◆ Data shown:
____

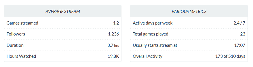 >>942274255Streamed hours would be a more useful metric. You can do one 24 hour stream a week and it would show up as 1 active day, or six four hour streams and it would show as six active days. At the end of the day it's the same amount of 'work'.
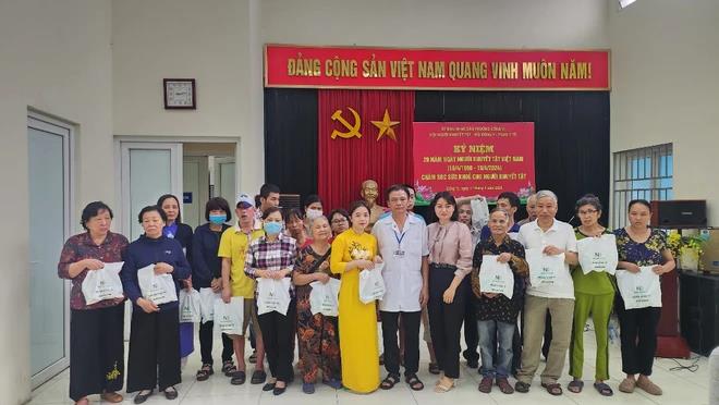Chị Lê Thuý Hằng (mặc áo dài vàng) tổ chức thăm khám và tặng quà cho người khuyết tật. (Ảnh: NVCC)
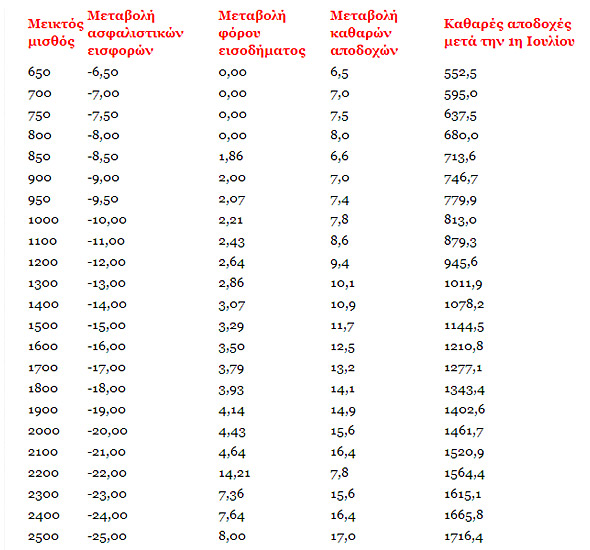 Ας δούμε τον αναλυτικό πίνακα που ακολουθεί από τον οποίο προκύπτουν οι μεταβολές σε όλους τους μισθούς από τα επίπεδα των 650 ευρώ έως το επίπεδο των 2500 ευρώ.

____

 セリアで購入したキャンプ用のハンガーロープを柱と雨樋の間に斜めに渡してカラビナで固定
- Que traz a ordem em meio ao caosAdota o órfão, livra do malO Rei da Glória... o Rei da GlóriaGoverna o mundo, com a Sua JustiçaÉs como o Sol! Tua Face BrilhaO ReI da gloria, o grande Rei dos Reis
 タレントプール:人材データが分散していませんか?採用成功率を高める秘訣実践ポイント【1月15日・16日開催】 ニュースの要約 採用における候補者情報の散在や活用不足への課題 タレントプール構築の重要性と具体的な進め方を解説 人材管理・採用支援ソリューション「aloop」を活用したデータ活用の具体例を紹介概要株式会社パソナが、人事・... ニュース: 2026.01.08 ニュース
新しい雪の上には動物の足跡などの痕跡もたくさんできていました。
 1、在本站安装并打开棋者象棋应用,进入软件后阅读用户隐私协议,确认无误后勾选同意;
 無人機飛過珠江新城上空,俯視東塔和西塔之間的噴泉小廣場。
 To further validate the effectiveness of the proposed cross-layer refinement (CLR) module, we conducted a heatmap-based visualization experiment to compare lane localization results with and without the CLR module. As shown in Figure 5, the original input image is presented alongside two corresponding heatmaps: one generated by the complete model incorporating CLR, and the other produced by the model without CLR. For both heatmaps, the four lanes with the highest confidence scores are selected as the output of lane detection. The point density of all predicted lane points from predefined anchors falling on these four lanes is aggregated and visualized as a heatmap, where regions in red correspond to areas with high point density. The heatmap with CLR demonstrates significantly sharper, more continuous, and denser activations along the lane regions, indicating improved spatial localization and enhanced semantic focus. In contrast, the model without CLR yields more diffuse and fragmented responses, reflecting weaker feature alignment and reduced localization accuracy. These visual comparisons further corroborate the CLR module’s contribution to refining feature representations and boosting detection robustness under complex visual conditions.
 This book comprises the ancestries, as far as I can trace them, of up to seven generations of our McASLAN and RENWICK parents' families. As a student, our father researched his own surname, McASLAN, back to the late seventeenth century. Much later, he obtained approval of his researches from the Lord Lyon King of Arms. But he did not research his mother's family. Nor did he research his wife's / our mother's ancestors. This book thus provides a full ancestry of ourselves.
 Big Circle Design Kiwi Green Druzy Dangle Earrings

____

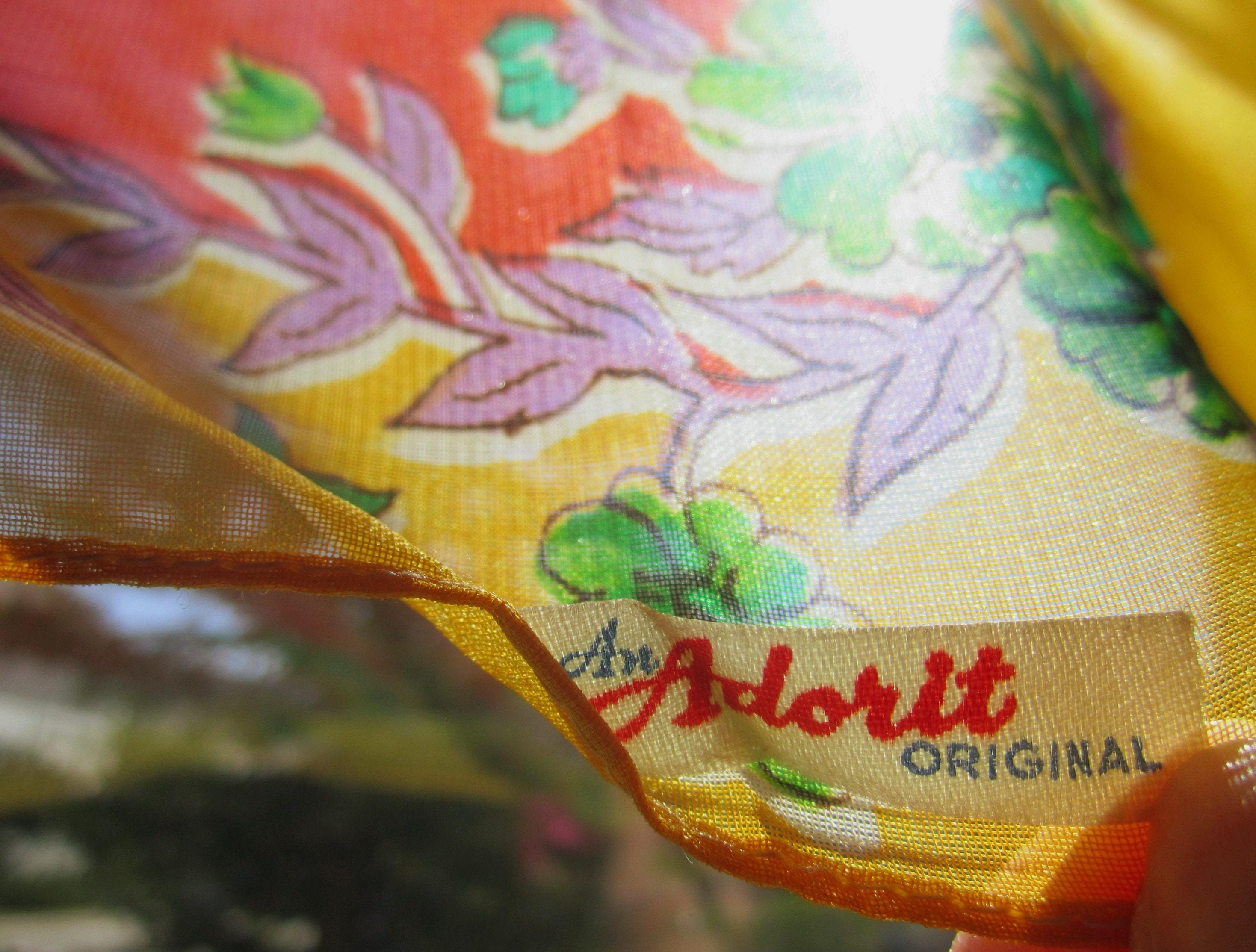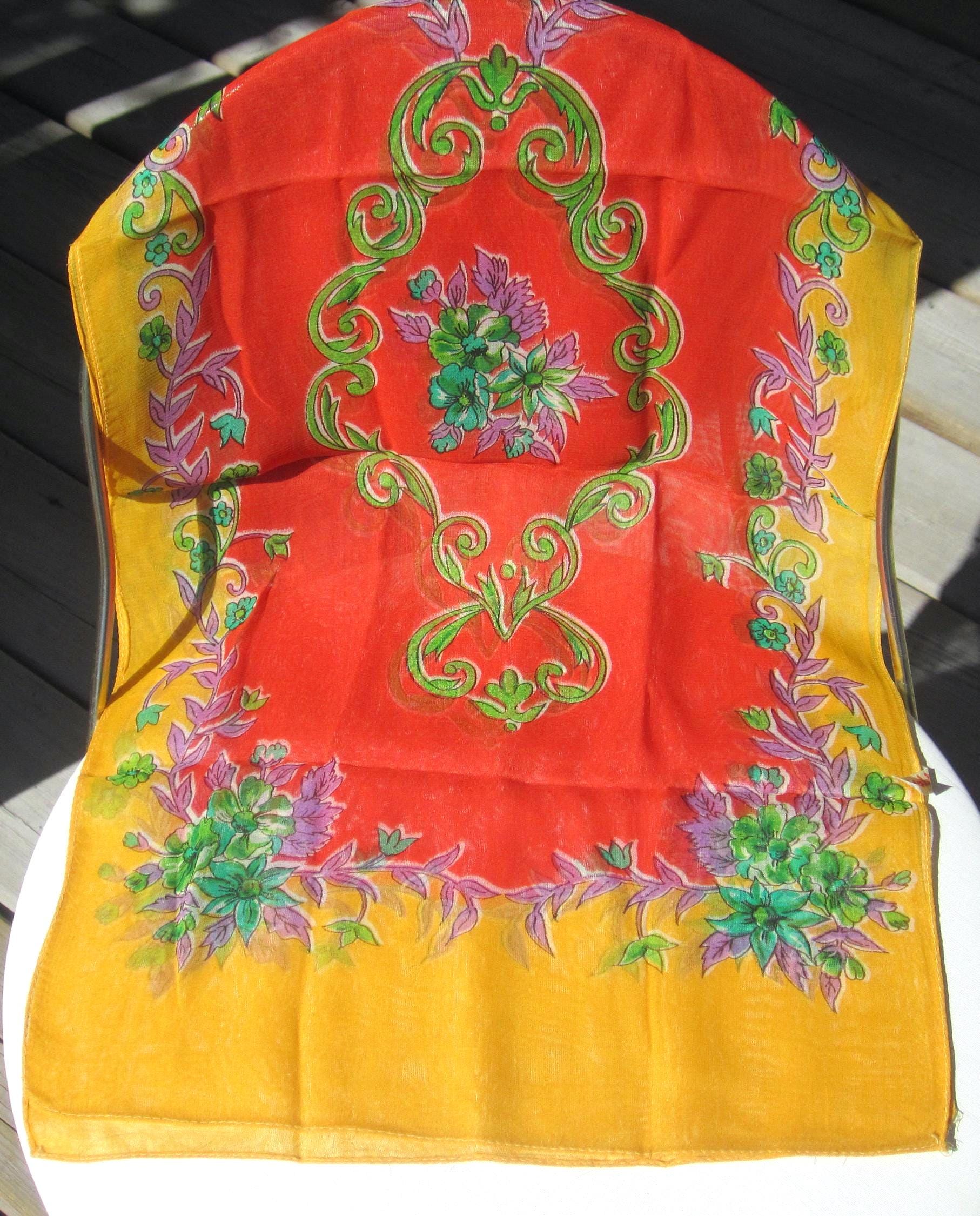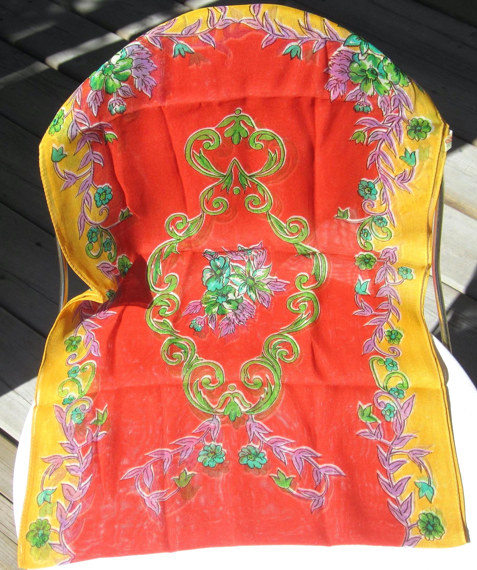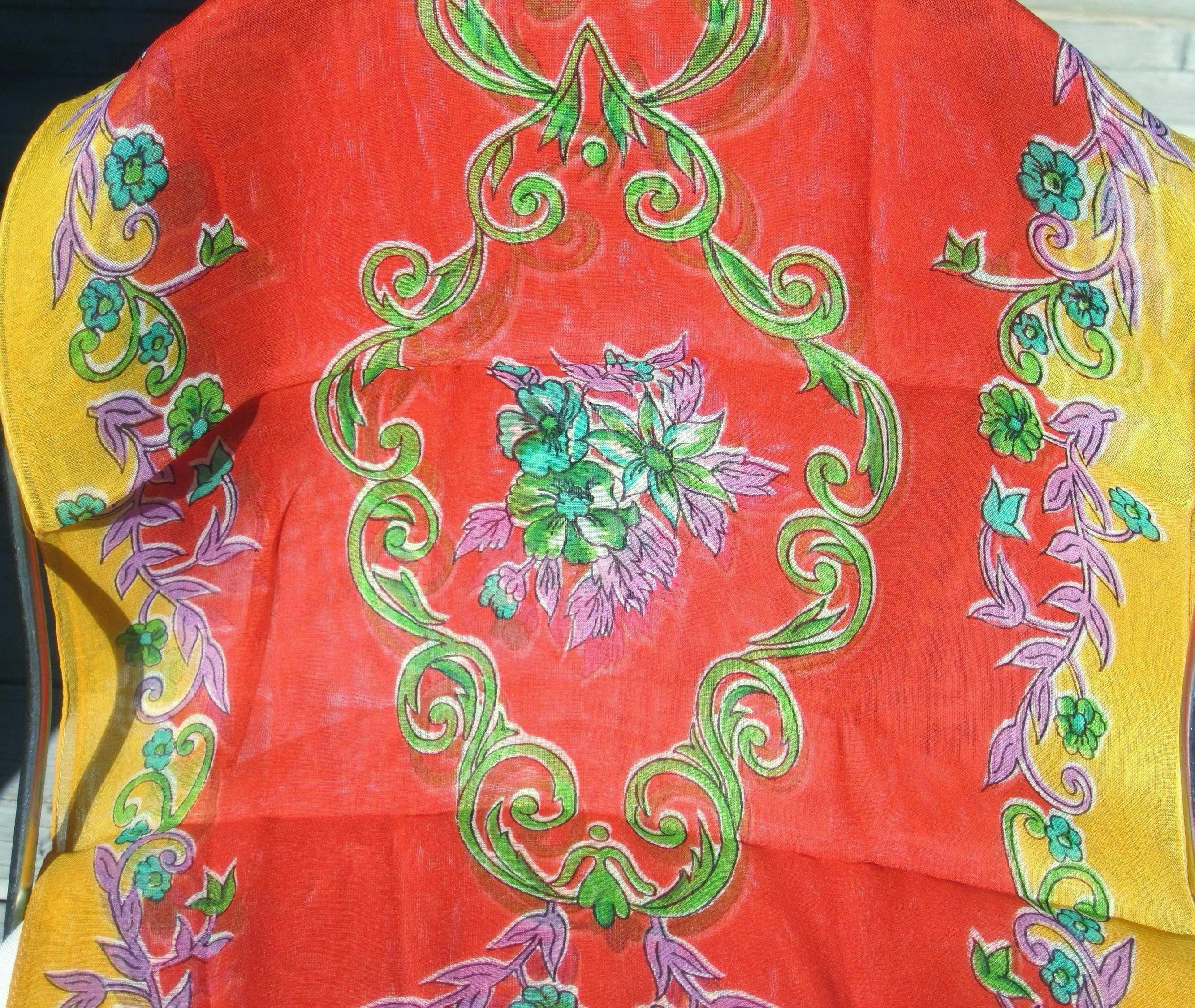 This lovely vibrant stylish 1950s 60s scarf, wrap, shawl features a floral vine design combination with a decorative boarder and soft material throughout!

____

Could you restate word for word the lines above from the one containing "セリアで購入したキャンプ用の" through the one containing "- Que traz a", both included, and nothing else?

◆ Expected answer:
 セリアで購入したキャンプ用のハンガーロープを柱と雨樋の間に斜めに渡してカラビナで固定
- Que traz a ordem em meio ao caosAdota o órfão, livra do malO Rei da Glória... o Rei da GlóriaGoverna o mundo, com a Sua JustiçaÉs como o Sol! Tua Face BrilhaO ReI da gloria, o grande Rei dos Reis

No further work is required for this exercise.